Could you retype exactly the lines below between the one holding "Ellie’s puppies continue" and the one holding "retro. In cornice", inclusive, leaving out any pictures?
##### MATERIAL FOR THE TASK
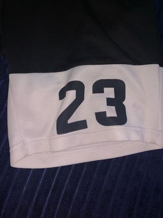 Pantalones cortos deportivos con un diseño moderno y llamativo. - Combinación de colores blanco y negro. - Detalle del número 23 en uno de los bajos. - Cintura elástica para mayor comodidad.
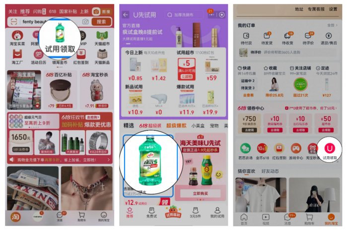 亿邦动力发现,部分用户在手淘首页看到的U先入口“变”了。“试用领取”不仅占据着搜索框下方各类入口的中心位置,曾经的统一红色U型袋图标也变成了千人千面的品类动态图标:有些用户看到的是一瓶玻璃水,有些用户看到的是一瓶精华液……
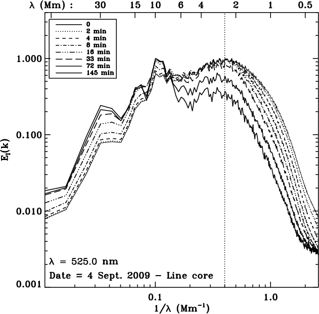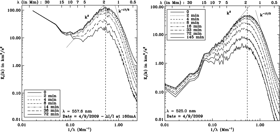 The paper is organised as follows: after a brief presentation of the data and the techniques to process them (Sect. 2), we detail the spectral properties of the measured velocity fields (Sect. 3) and the intensity field (Sect. 4). A discussion and physical interpretation of the results follows (Sect. 5). The main results and conclusions are summarised at the end of the paper (Sect. 6).
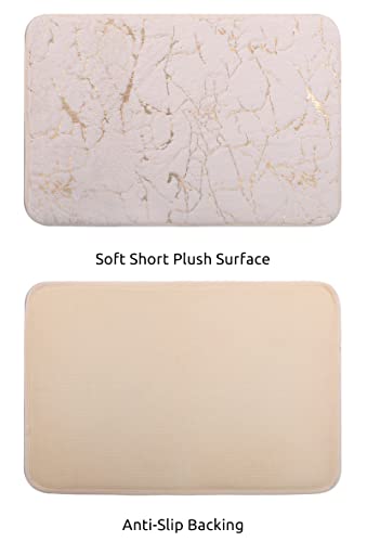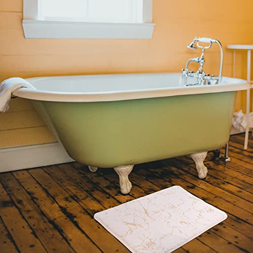 KAMA BRIDAL - سجادة حمام من الميموري فوم ناعمة بظهر مانع للانزلاق وماصة للماء سريعة الامتصاص من كاما برايدل، مقاس 41 × 61 سم، لون أبيض وذهبي
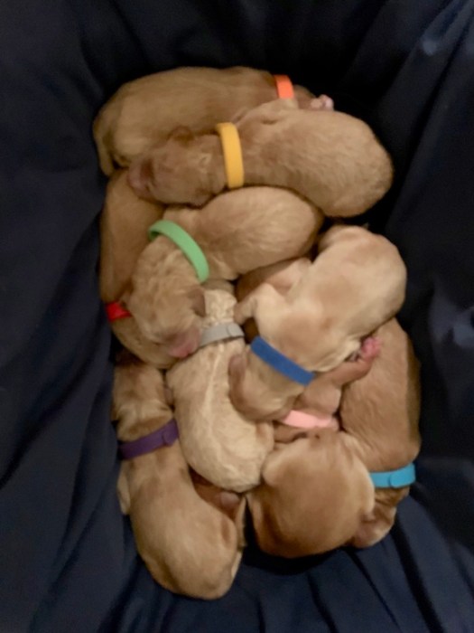 Ellie’s puppies continue to grow and progress. Eleven puppies is a large litter to keep fed and clean. Ellie is an amazing mama that loves to care for her babies!
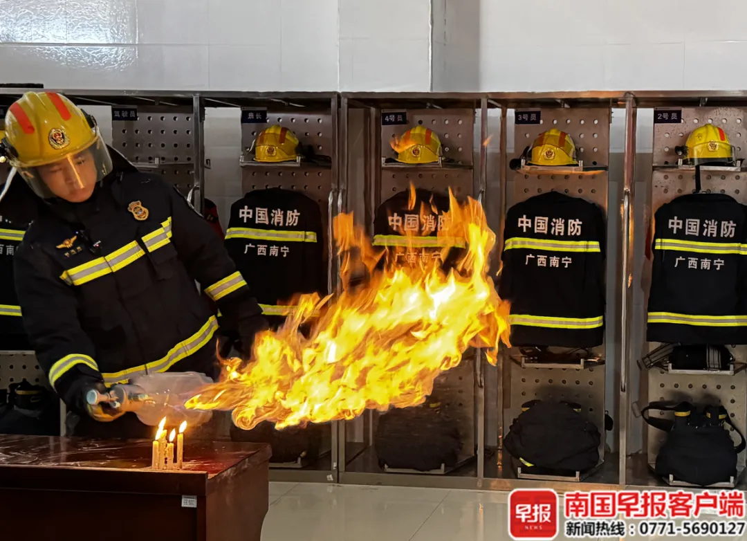 “喷火蛋糕”有多危险?南宁消防实验了,火舌长达70厘米
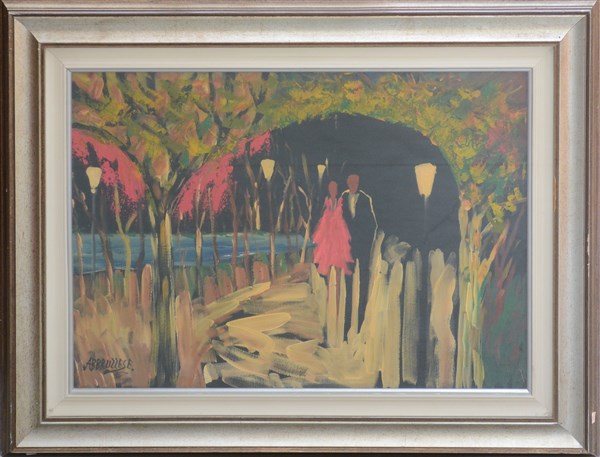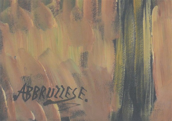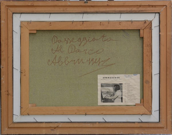 Abbruzzese, "Passeggiata al parco", olio su tela (cm 50x70), firmato in basso a sinistra; titolato e firmato al retro. In cornice
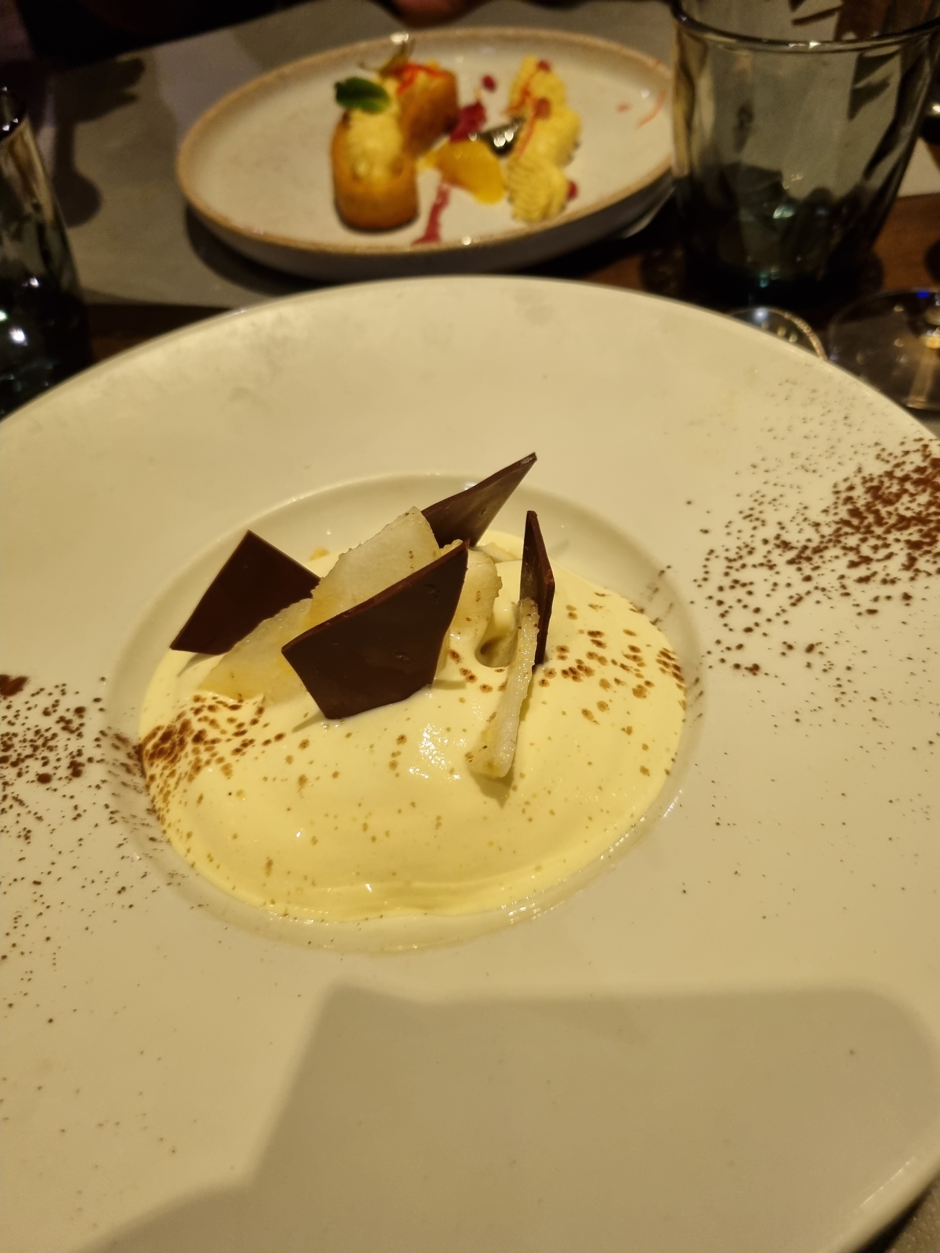 Plats cuisinés avec de bons produits. Très bonne sauce et excellente cuisson de la viande d'agneau malgré un peu trop de gras. Dessert un peu trop sucré et lourd, je m'attendais à plus léger pour une mousse soufflée et à un esthétisme dans la lignée du menu. Merci pour tout votre travail.
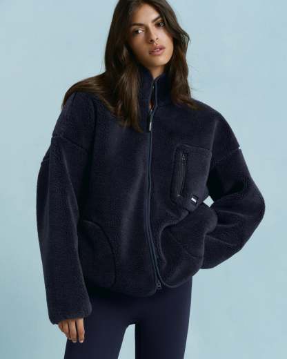 This season's must-have piece. A cosy choice this Autumn. Featuring recycled fleece with a suede feel lining, branded zip and dropped shoulders. Wear yours with the Ultimate Leggings to channel a retro sport look.
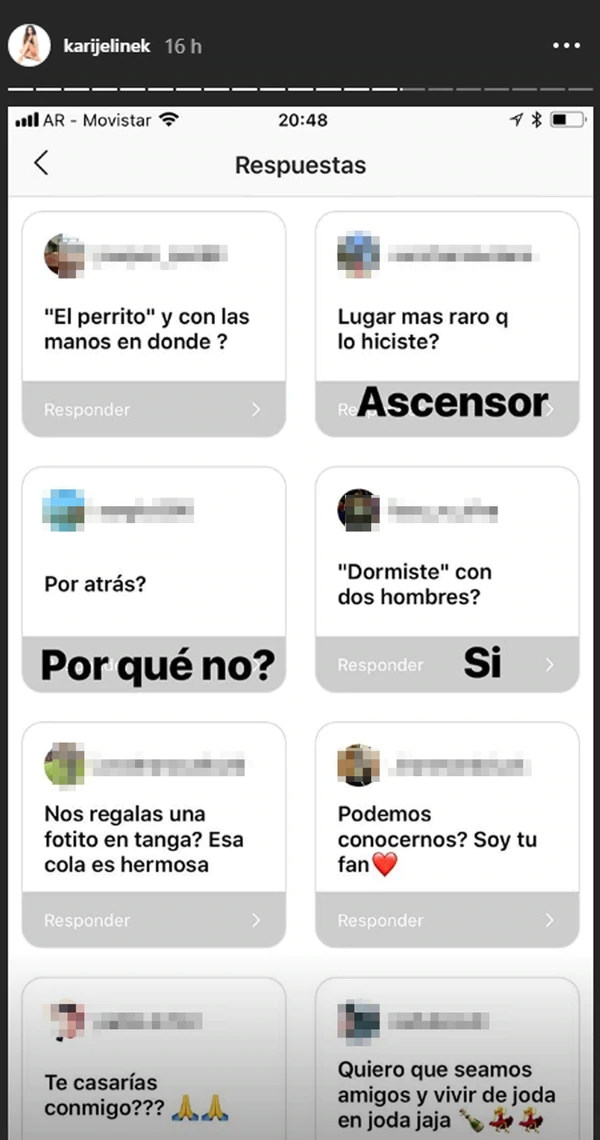 Karina Jelink no dejó nada a criterio de sus fanáticos y contó todo, en un cuestionario sexual muy caliente que sus seguidores le realizaron en Instagram.
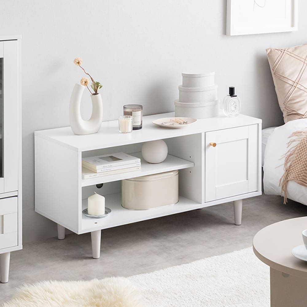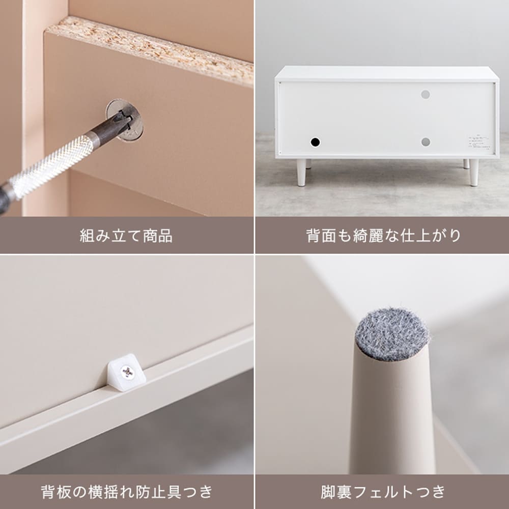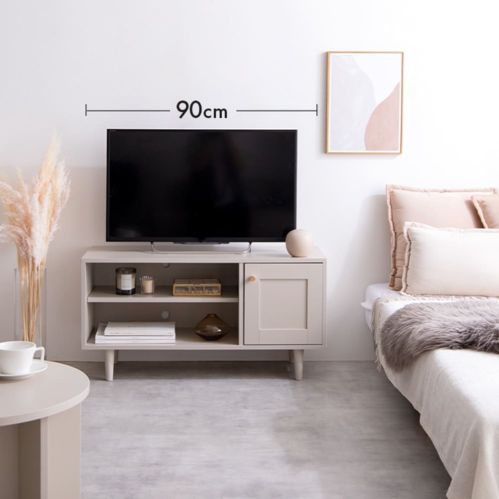 一人暮らしやワンルーム、狭めのリビングにもぴったりのサイズ感で、テレビ台としてはもちろん、おしゃれなディスプレイボードとしても活躍。
##########
FINISHED EXERCISE:
 Ellie’s puppies continue to grow and progress. Eleven puppies is a large litter to keep fed and clean. Ellie is an amazing mama that loves to care for her babies!
 “喷火蛋糕”有多危险?南宁消防实验了,火舌长达70厘米
 Abbruzzese, "Passeggiata al parco", olio su tela (cm 50x70), firmato in basso a sinistra; titolato e firmato al retro. In cornice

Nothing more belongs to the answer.